Mengaudisi Pendamping Granit Xhaka dalam Skema 4-3-3 Arsenal

Francis Coquelin

Mungkin, dengan perubahan skema menjadi 4-3-3, Coquelin akan mendapatkan menit bermain yang lebih banyak. Kebutuhan pemain yang bisa memudahkan kerja Xhaka bisa membuat Wenger mempertimbangkan memainkan Coquelin sebagai “pengawas”. Ia tak akan banyak bergerak ke atas, dan tugasnya fokus bertahan.
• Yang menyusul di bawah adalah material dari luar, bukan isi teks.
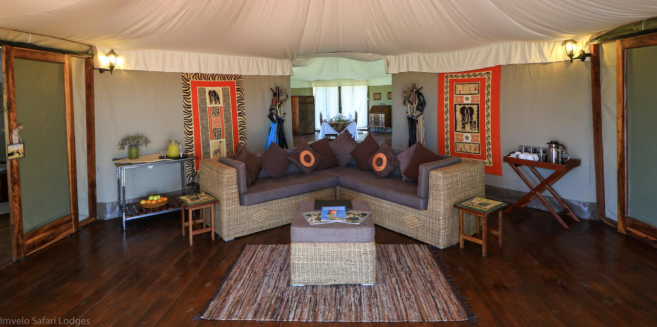 1 x Spurwing Double Tent: 60 sq m ground level tent with kingsize bed, en suite bathroom with shower, overhead fan, spacious seating area, tiled patio with view of the plains.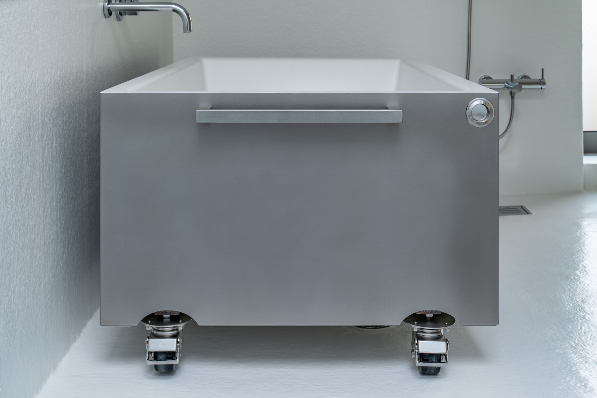 真っ白な空間に存在感のあるステンレスの浴槽は、保温性にとても優れています。特徴的な白い内側は汚れに強く、落ちやすいともされる特殊な白い塗装技術を使ったものです。今回の浴室を設計する際に相談し、キャスターを付けて頂きました。

Namun, kemampuan Coquelin cukup terbatas. Ia sangat baik ketika tugasnya tak terlalu rumit, misalnya ketika “menjaga” Santi Cazorla. Duet Coquelin dan Santi Cazorla sempat menjadi duet yang menjanjikan. Namun, Xhaka tentu berbeda dengan Cazorla yang bisa melakukan penetrasi dengan menggiring bola.

Oleh sebab itu, pilihan Arsenal untuk membangun serangan akan cukup terbatas ketika Coquelin bermain. Pemain yang pernah dipinjamkan ke Freiburg ini mungkin akan cocok untuk jenis pertandingan tertentu ketika Arsenal akan lebih banyak bertahan. Misalnya ketika bertemu lawan sejenis Bayern München dan klub teras Eropa lainnya.

Calum Chambers

Chambers adalah pemain yang menarik, terutama ketika Wenger beralih ke skema 4-3-3. Praktis, saat ini, Chambers menjadi pilihan terakhir sebagai bek tengah setelah Laurent Koscielny, Shkodran Mustafi, Rob Holding, Per Mertesacker, dan Nacho Monreal. Ia juga pilihan kedua sebagai bek kanan setelah Hector Bellerin.

Sebagai bek tengah, Chambers punya olah bola yang cukup bagus. Ia nyaman membangun serangan dari bawah. Bahkan, teknik umpan Chambers masih sedikit lebih baik ketimbang Coquelin. Maka, memainkannya sebagai gelandang tengah mendampingi Xhaka akan sangat menarik, terutama dari ketersediaan menit bermain.

Aspek bertahan Chambers yang kuat akan meringankan beban Xhaka. Ia juga nyaman ketika harus menguasai bola di area sendiri, menjadi opsi membangun serangan selain Xhaka. Bahkan, kemampuan mengiring bolanya tidak terlalu buruk. Asal tersedia opsi mengumpan, Chambers bisa bermain sesederhana mungkin dan menghindari membuat kesalahan yang tak perlu.

Kelemahan Chambers adalah rentan cedera, inkonsistensi, dan kadang ceroboh. Ketika situasi tak menguntungkan, seleksi umpan Chambers akan memburuk dan terlihat sedikit panik. Jika hendak menggunakan Chambers, sebaiknya Wenger memastikan struktur tim terjaga selama 90 menit pertandingan.

***

Nah, kelebihan dan kekurangan beberapa pemain audisi di atas sudah dijelaskan. Penulis sendiri memilih trio Xhaka, Elneny, dan Ramsey sebagai pilihan utama. Bagaimana dengan pembaca?